• Provided data:
=-=-=
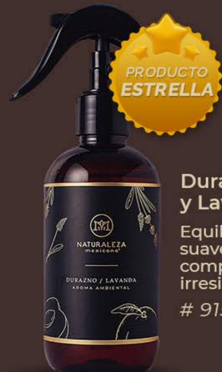
Durazno y Lavanda Equilibrante, suave y completamente irresistible # 91519
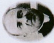
Père Georges Finet

Les Foyers de Charité, nés en 1936, sous l'impulsion de Marthe Robin et du Père Finet, sont une Œuvre catholique internationale. Ils ont pour mission essentielle de proposer des retraites spirituelles ouvertes à tous, croyants ou non. Ils sont aujourd'hui présents dans quarante pays.
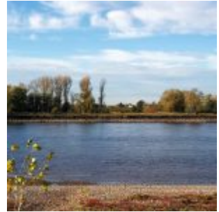
Das Haus gegenüber
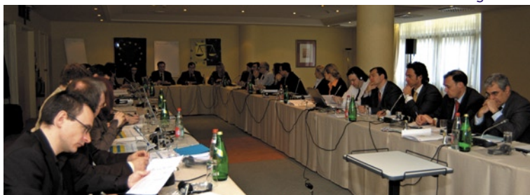
La réunion technique du groupe de suivi à Bruxelles

Parallèlement à ces activités, le REFJ a poursuivi l'étude de faisabilité initiée en 2005 afin d'identifier les obstacles à une participation active aux échanges et les moyens de développer encore dans le futur les possibilités offertes par le Programme d'Echanges.
=-=-=
• Work request: Which lines above contain the word "Finet"? Copy each one.

• Expected answer:
Père Georges Finet
Les Foyers de Charité, nés en 1936, sous l'impulsion de Marthe Robin et du Père Finet, sont une Œuvre catholique internationale. Ils ont pour mission essentielle de proposer des retraites spirituelles ouvertes à tous, croyants ou non. Ils sont aujourd'hui présents dans quarante pays.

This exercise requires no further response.